WHAT THE TASK REQUIRES> Once the pictures are set aside, transcribe the remaining data exactly.

COLLECTED DATA>

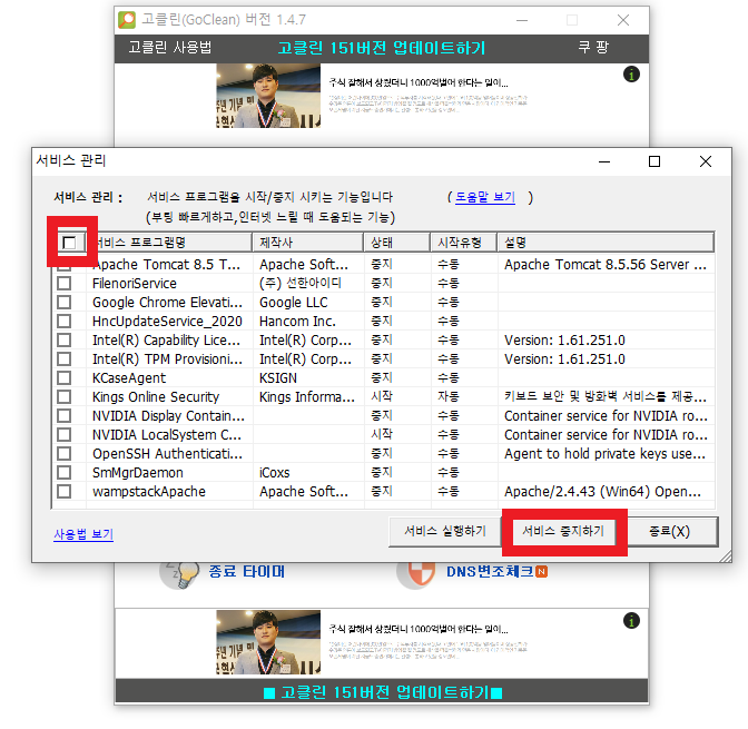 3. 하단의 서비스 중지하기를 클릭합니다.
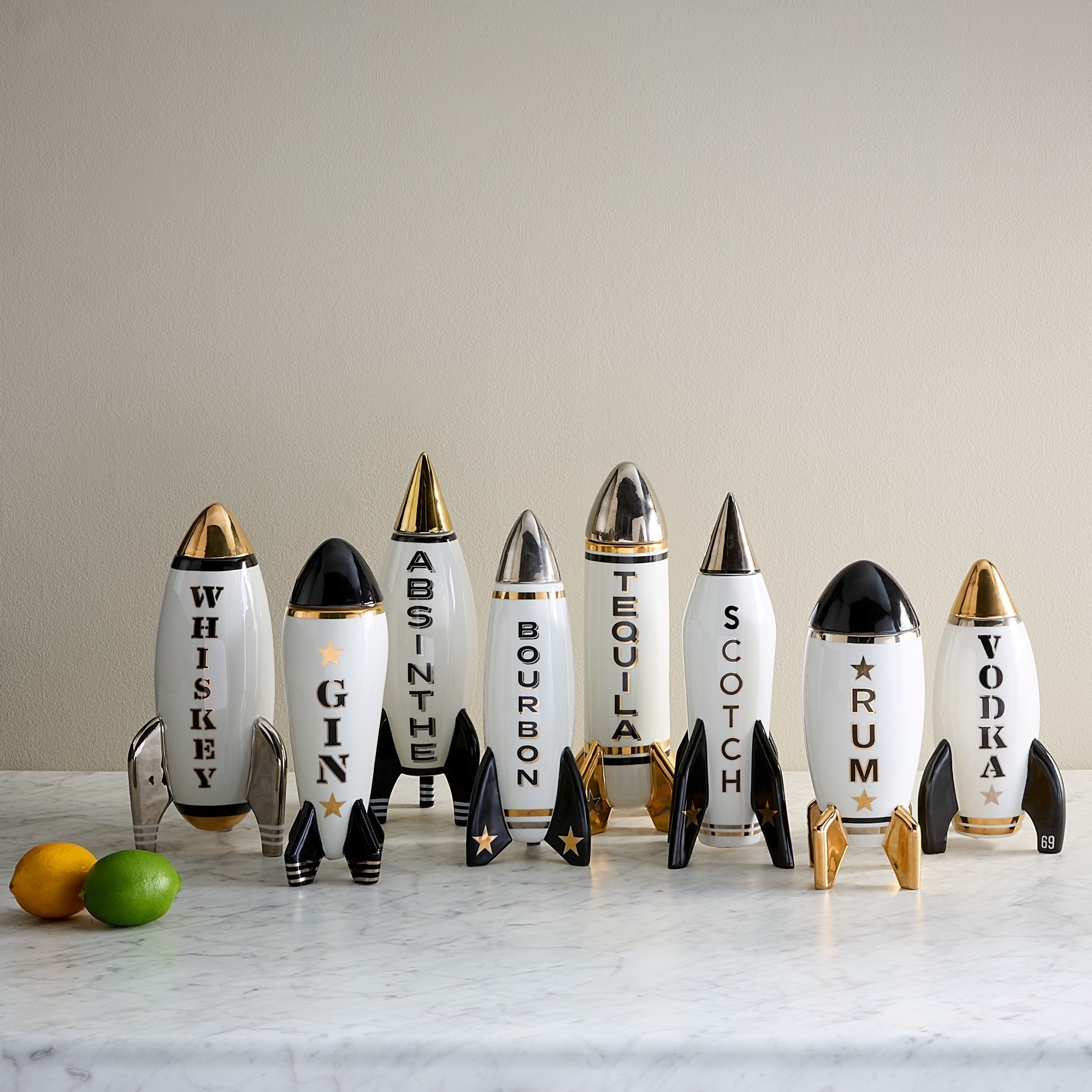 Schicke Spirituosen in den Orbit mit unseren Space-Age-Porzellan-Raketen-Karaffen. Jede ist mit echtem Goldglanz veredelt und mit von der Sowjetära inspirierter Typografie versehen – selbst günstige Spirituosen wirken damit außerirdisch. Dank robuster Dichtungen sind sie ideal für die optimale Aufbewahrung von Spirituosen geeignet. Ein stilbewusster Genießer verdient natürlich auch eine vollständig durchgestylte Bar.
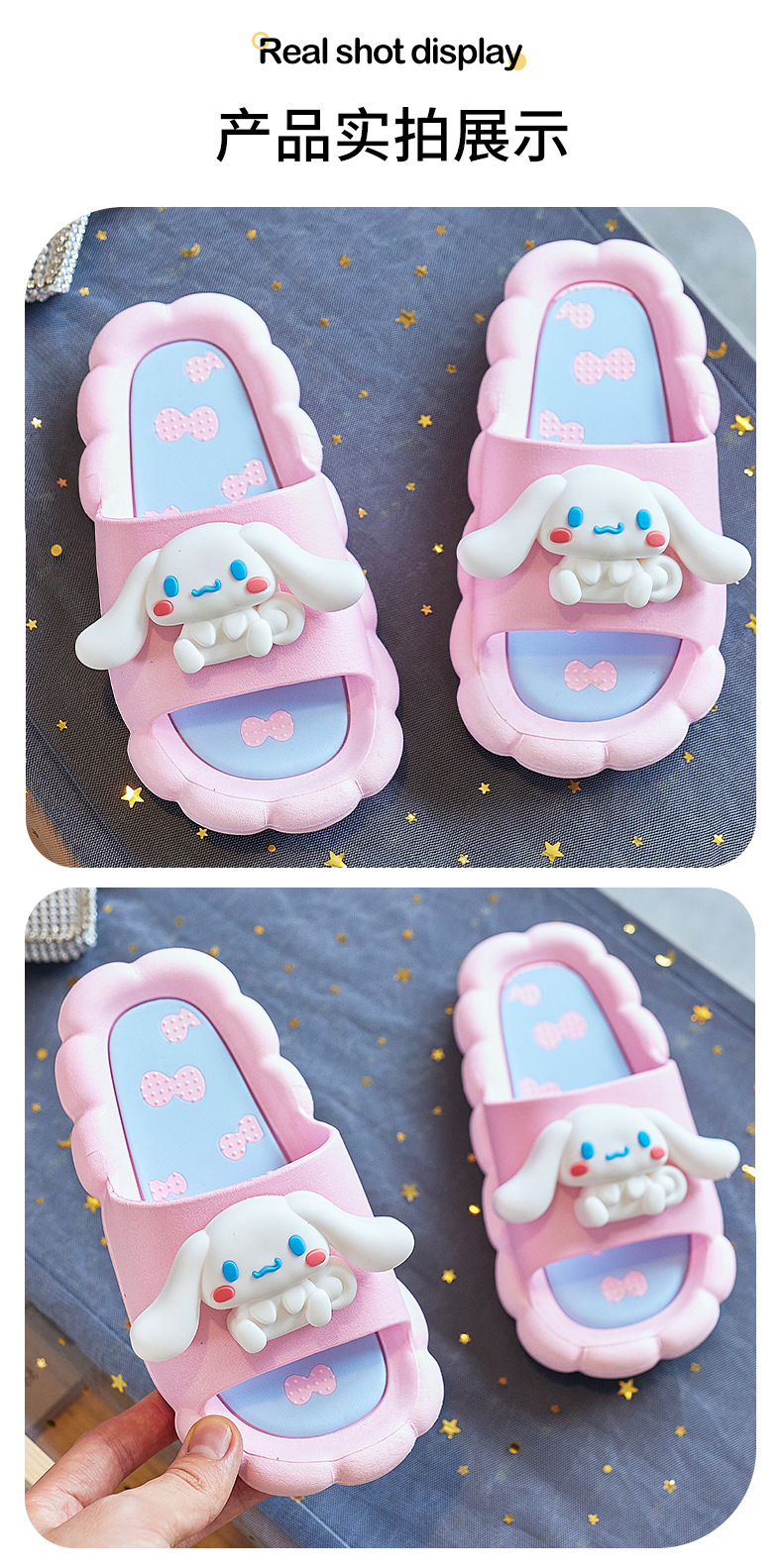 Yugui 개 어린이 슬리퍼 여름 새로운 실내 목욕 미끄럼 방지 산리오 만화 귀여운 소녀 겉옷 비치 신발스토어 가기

SOLUTION FOR THIS PROBLEM>
 3. 하단의 서비스 중지하기를 클릭합니다.
 Schicke Spirituosen in den Orbit mit unseren Space-Age-Porzellan-Raketen-Karaffen. Jede ist mit echtem Goldglanz veredelt und mit von der Sowjetära inspirierter Typografie versehen – selbst günstige Spirituosen wirken damit außerirdisch. Dank robuster Dichtungen sind sie ideal für die optimale Aufbewahrung von Spirituosen geeignet. Ein stilbewusster Genießer verdient natürlich auch eine vollständig durchgestylte Bar.
 Yugui 개 어린이 슬리퍼 여름 새로운 실내 목욕 미끄럼 방지 산리오 만화 귀여운 소녀 겉옷 비치 신발스토어 가기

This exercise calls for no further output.